[Data for review]
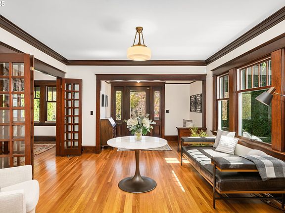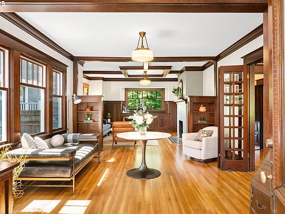 Timeless and elegant craftsman foursquare in the heart of Grant Park/Historic Irvington exudes comfort & charm. Original milled woodwork, includes entry way bench, built-in buffet, box beams,crown moldings, french doors and recently refinished wood floors throughout the main and 2nd floor. Practical organization of space and flow includes six large bedrooms, five above ground one in the lower level and a bathroom on each of the four levels. The quiet and serene escape, newly carpeted and updated third floor primary suite, features an elegant shower and roomy walk-in and around closet. Clear vertical grain fir trim throughout enhances the updated large basement creating a warm and welcoming entertainment/family room, the sixth bedroom, a full bathroom, laundry room and ample built-in storage. The basement has an independent entrance on the north side of the house. Central air, 95% efficiency furnace, on-demand water heater, earthquake retrofitting, double-pane glass wooden framed windows for efficiency and a transferable roof warranty for peace of mind. [Home Energy Score = 1. HES Report at https://rpt.greenbuildingregistry.com/hes/OR10209631]
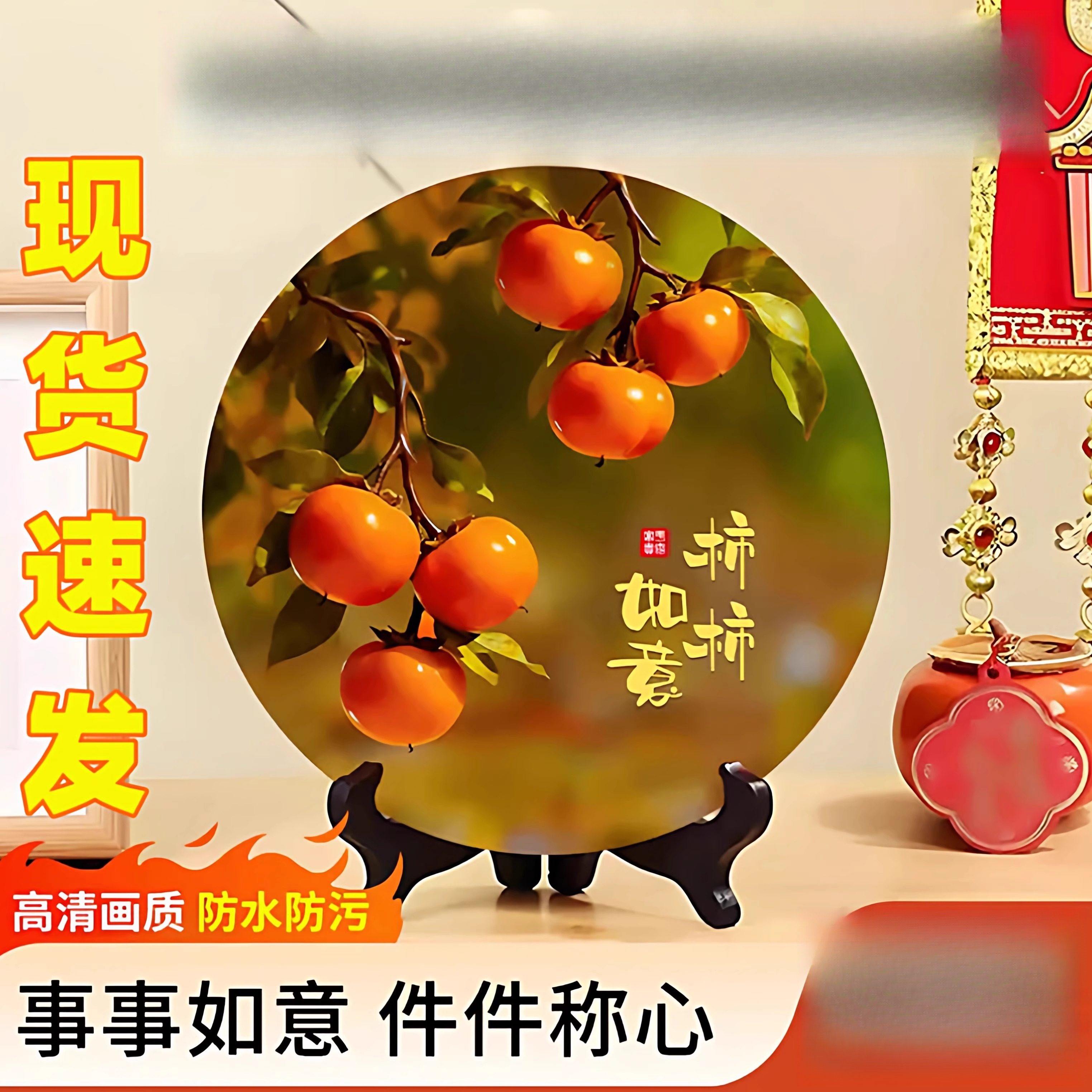 五福到我家柿柿如意摆台摆件进门柜客厅电视柜摆件入户门乔迁礼物
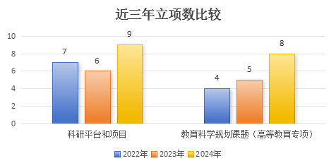 我校此次共获批项目17项,其中科研平台和项目9项(详见表1),立项数目在粤东西北地区高职院校排名第一;教育科学规划课题(高等教育专项)8项(详见表2),立项数目在粤东西北地区高职院校排名第二。我校这两类项目的立项数大幅提升,均超前两年(如图);立项总数在粤东西北地区高职院校排名第二,并已连续多年处于粤东西北高职院校前列。
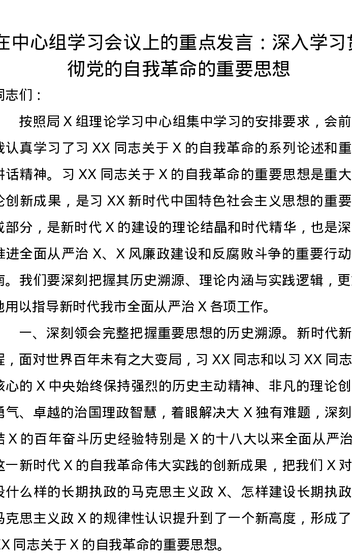 在中心组学习会议上的重点发言:深入学习贯彻党的自我革命的重要思想
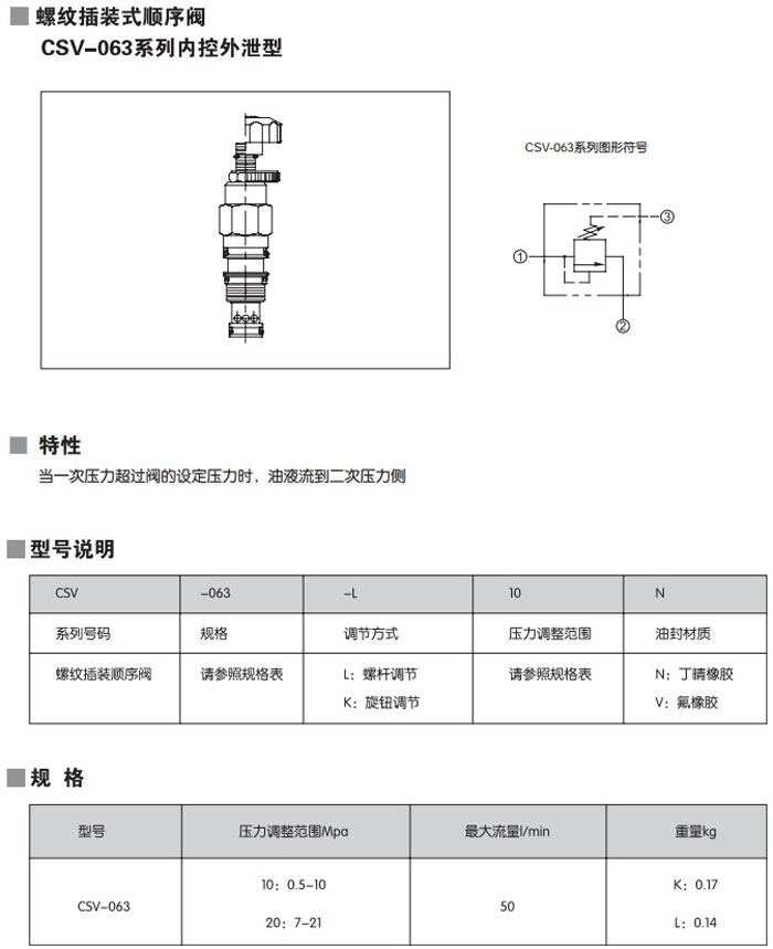 CSV-063-L10N,CSV-063-L20N,CSV-063-K10N,CSV-063-K20N,CSV-063-L10V,CSV-063-L20V,螺紋插裝式順序閥 詳細信息 CSV-063-L10N,CSV-063-L20N,CSV-063-K10N,CSV-063-K20N,CSV-063-L10V,CSV-063-L20V,螺紋插裝式順序閥
[/Data for review]
=== Exercise objective ===
Omit the pictures and copy the records above exactly.

=== Exercise response ===
 Timeless and elegant craftsman foursquare in the heart of Grant Park/Historic Irvington exudes comfort & charm. Original milled woodwork, includes entry way bench, built-in buffet, box beams,crown moldings, french doors and recently refinished wood floors throughout the main and 2nd floor. Practical organization of space and flow includes six large bedrooms, five above ground one in the lower level and a bathroom on each of the four levels. The quiet and serene escape, newly carpeted and updated third floor primary suite, features an elegant shower and roomy walk-in and around closet. Clear vertical grain fir trim throughout enhances the updated large basement creating a warm and welcoming entertainment/family room, the sixth bedroom, a full bathroom, laundry room and ample built-in storage. The basement has an independent entrance on the north side of the house. Central air, 95% efficiency furnace, on-demand water heater, earthquake retrofitting, double-pane glass wooden framed windows for efficiency and a transferable roof warranty for peace of mind. [Home Energy Score = 1. HES Report at https://rpt.greenbuildingregistry.com/hes/OR10209631]
 五福到我家柿柿如意摆台摆件进门柜客厅电视柜摆件入户门乔迁礼物
 我校此次共获批项目17项,其中科研平台和项目9项(详见表1),立项数目在粤东西北地区高职院校排名第一;教育科学规划课题(高等教育专项)8项(详见表2),立项数目在粤东西北地区高职院校排名第二。我校这两类项目的立项数大幅提升,均超前两年(如图);立项总数在粤东西北地区高职院校排名第二,并已连续多年处于粤东西北高职院校前列。
 在中心组学习会议上的重点发言:深入学习贯彻党的自我革命的重要思想
 CSV-063-L10N,CSV-063-L20N,CSV-063-K10N,CSV-063-K20N,CSV-063-L10V,CSV-063-L20V,螺紋插裝式順序閥 詳細信息 CSV-063-L10N,CSV-063-L20N,CSV-063-K10N,CSV-063-K20N,CSV-063-L10V,CSV-063-L20V,螺紋插裝式順序閥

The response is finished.